Portrait of the Painter Kitty L. Kielland
Harriet Backer·1883
Historical Context
Harriet Backer painted this portrait of her close friend and fellow artist Kitty L. Kielland in 1883, during the years both women were studying and working in Paris — one of the most significant periods of artistic friendship in Norwegian art history. Backer and Kielland were among the small number of Norwegian women who made the journey to Paris for serious artistic training in this period, studying at the ateliers open to women students (the École des Beaux-Arts remained closed to women until 1897). Their friendship, sustained throughout their lives, produced multiple artistic exchanges and cross-references, including this portrait and Kielland's later portrait of Backer. The choice to paint a fellow artist — another serious professional woman — rather than a conventional female model signals Backer's interest in women as intellectual peers. Kielland, who would become known for her atmospheric Jæren peat bog landscapes, is here presented not as landscape painter but as individual presence. The portrait is now at the National Museum in Oslo, appropriate placement for a work documenting two of Norway's most significant women artists.
Technical Analysis
The 1883 Paris date gives the portrait a technical context: Backer was absorbing lessons from Léon Bonnat and the broader Parisian naturalist tradition, and the portrait likely shows the careful academic modelling, limited palette, and psychological seriousness characteristic of that training. The face receives the most resolved handling, with looser treatment of the clothing and background consistent with Parisian plein-air influenced approaches.
Look Closer
- ◆The subject's expression — engaged but self-contained — conveys the mutual respect of two professional artists: Kielland is not posed as a passive model but depicted as a thinking presence.

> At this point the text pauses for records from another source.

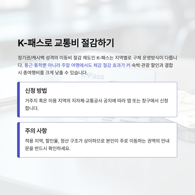 K-패스: 지역·기관별 운영되는 대중교통 비용 경감 정책. 주중·주말 외출 및 여행 시 이동비 절감에 효과적.
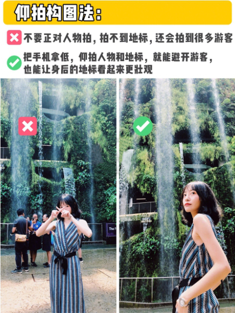 不要直接正對人物拍照,不僅拍不到地標風貌,還會拍到很多遊客。把手機拿低,仰拍人物和地標,就不會拍到遊客,也能讓身後的地標看起來更壯觀,人物更有氣質喔!這個構圖法很適合在人多的觀光風景區使用。
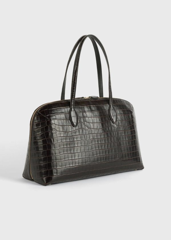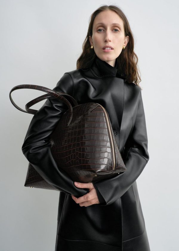 Designer’s note: “This new TOTEME Garderob tote was imagined for busy schedules spanning work meetings, gym workouts and travel. Made in Italy from croco-embossed leather, it has a zipper opening through the sides to reveal an expansive interior with a slip pocket. Carry it throughout the day alongside a trench.”

- ◆The palette is likely relatively subdued, reflecting both Parisian academic training and the seriousness with which Backer approached the psychological demands of portraiture.
- ◆The handling of the dress or studio clothing — probably plain, professional attire rather than elaborate costume — signals that this is a portrait of a working colleague rather than a social performance.
- ◆The background, kept neutral or loosely suggested, focuses all attention on the face and its expression of an intelligent, somewhat inward personality.